### EXERCISE
Repeat exactly the lines running from the first line of the data to the line containing "这家咖啡馆推出了配有猫咪拉花", both ends included, and nothing else; drop the pictures.

····················

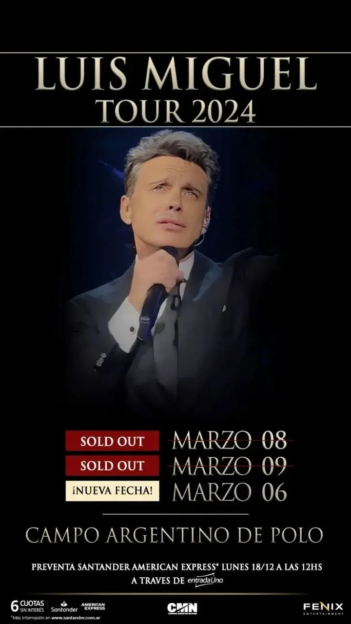Luis Miguel visitará la Argentina en marzo del próximo año, presentándose en el Campo Argentino de Polo. Una fecha adicional ha sido añadida a pedido del público, consolidando aún más su impacto en la escena musical. La cita está programada para el 6 de marzo.
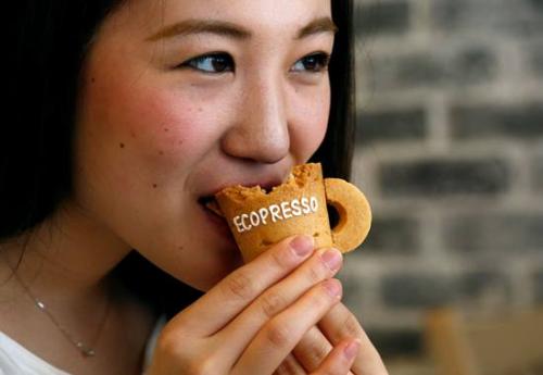 这家咖啡馆推出了配有猫咪拉花图案的“生态浓缩咖啡玛奇朵(Ecopresso Macchiato)”,猫咪的图案让整杯咖啡看起来卖相很好,最美妙地是,顾客在享用咖啡的同时,还可以连同杯子一起吃掉。
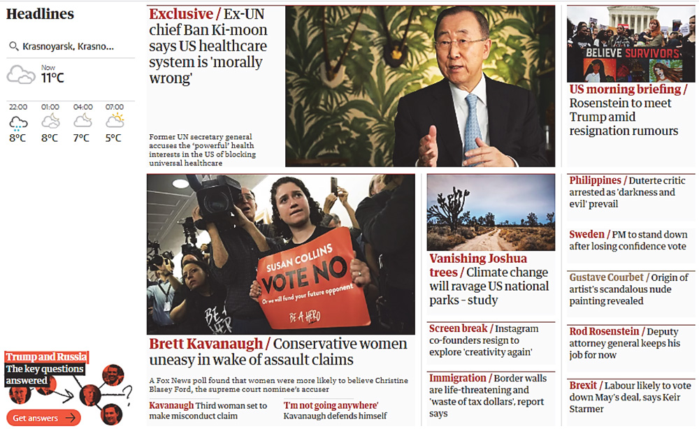 Многие интернет-СМИ экспериментируют с рубрикацией, превращая способы организации контента в свои оригинальные черты. Так, в 2015 г. Guardian презентовала систему контейнеров, соединив навигацию и дизайн. Контейнеры – это горизонтальные блоки во всю ширину экрана, куда собраны материалы. Каждый контейнер фактически выступает в виде динамической рубрики, куда попадают материалы по соответствующей теме или важнейшие материалы дна. Блоки отделены друг от друга графически и расположены по степени важности. Они могут появляться на любой странице (рис. 12).
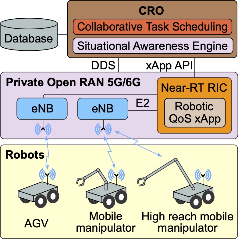 The new architecture integrates: Collaborative Robot Orchestration (CRO) for multi-robot task scheduling, a Private Open RAN 5G/6G providing low latency wireless communication with Quality of Service (QoS) enforcement, and Embedded Collaborative AI
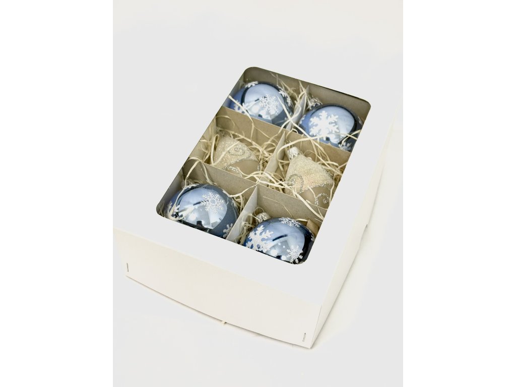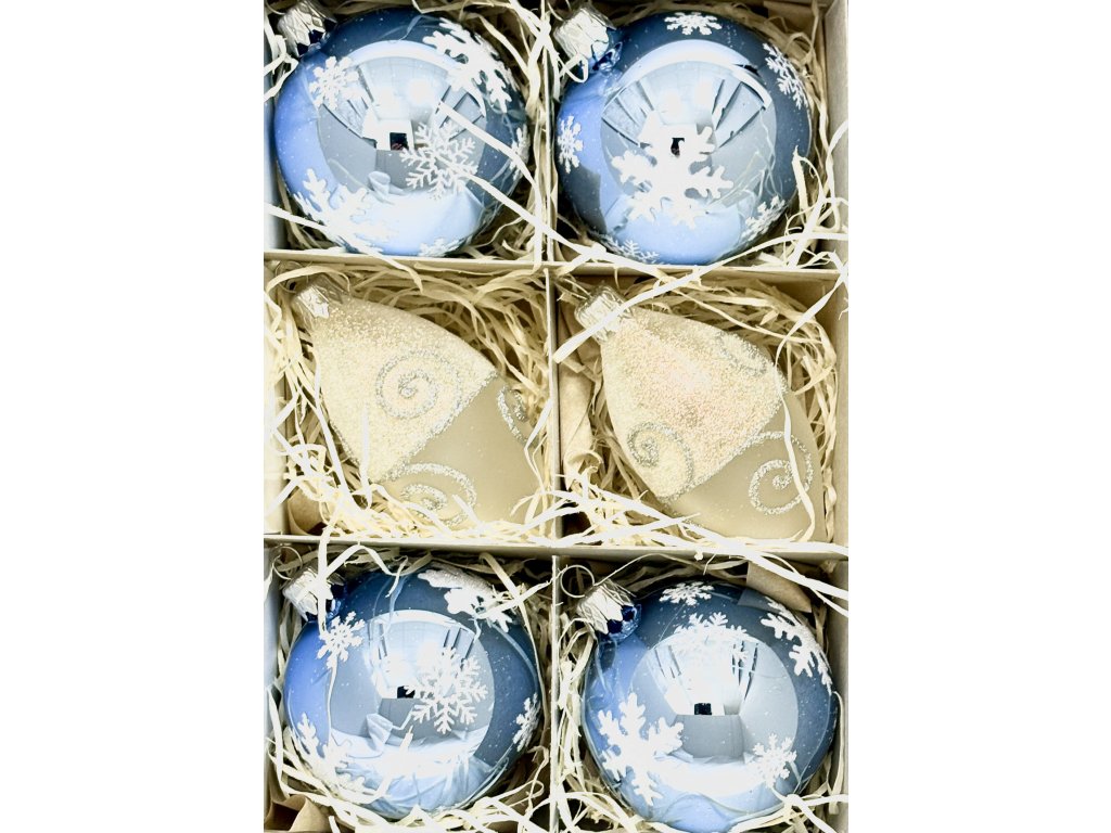Sada vánočních ozdob Modrý mráz – koule a olivy se sněhovými vločkami (6 cm)
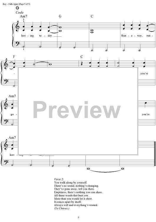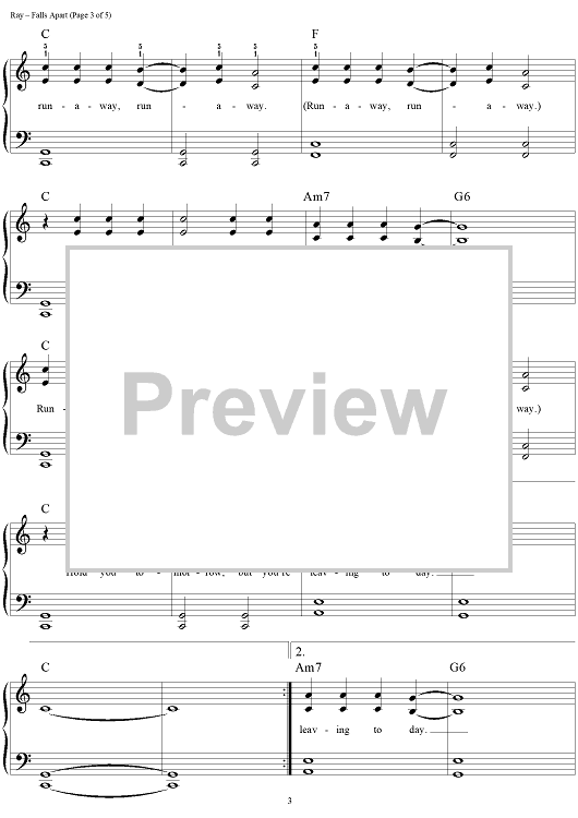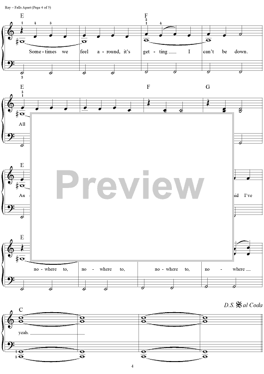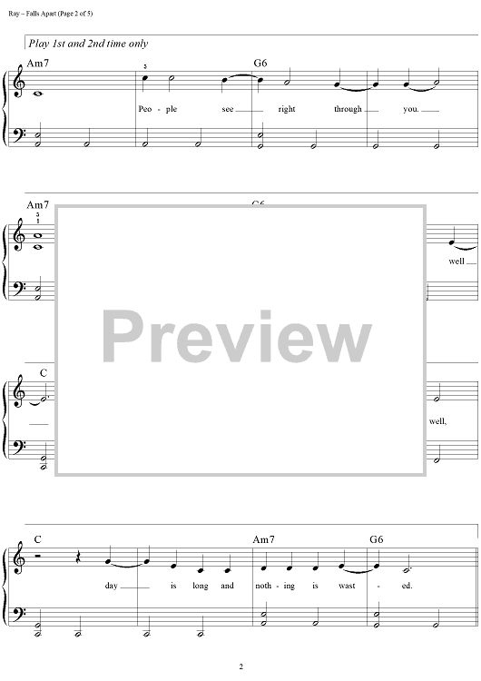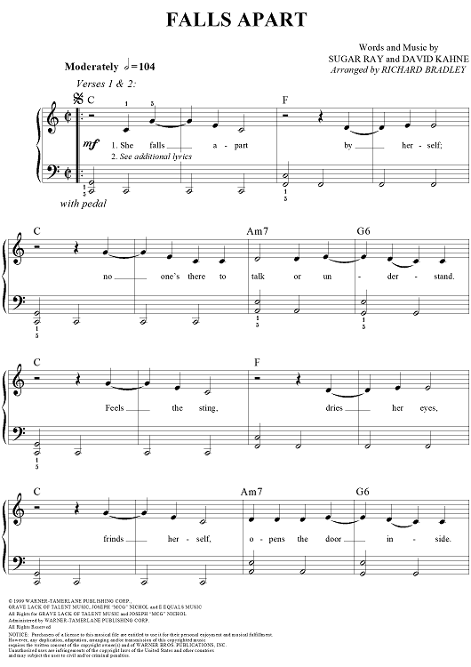 Digital Sheet Music for Falls Apart by Richard Bradley, David Kahne, Sugar Ray scored for Easy Piano; id:289121

····················

### THE COMPLETED TASK
Luis Miguel visitará la Argentina en marzo del próximo año, presentándose en el Campo Argentino de Polo. Una fecha adicional ha sido añadida a pedido del público, consolidando aún más su impacto en la escena musical. La cita está programada para el 6 de marzo.
 这家咖啡馆推出了配有猫咪拉花图案的“生态浓缩咖啡玛奇朵(Ecopresso Macchiato)”,猫咪的图案让整杯咖啡看起来卖相很好,最美妙地是,顾客在享用咖啡的同时,还可以连同杯子一起吃掉。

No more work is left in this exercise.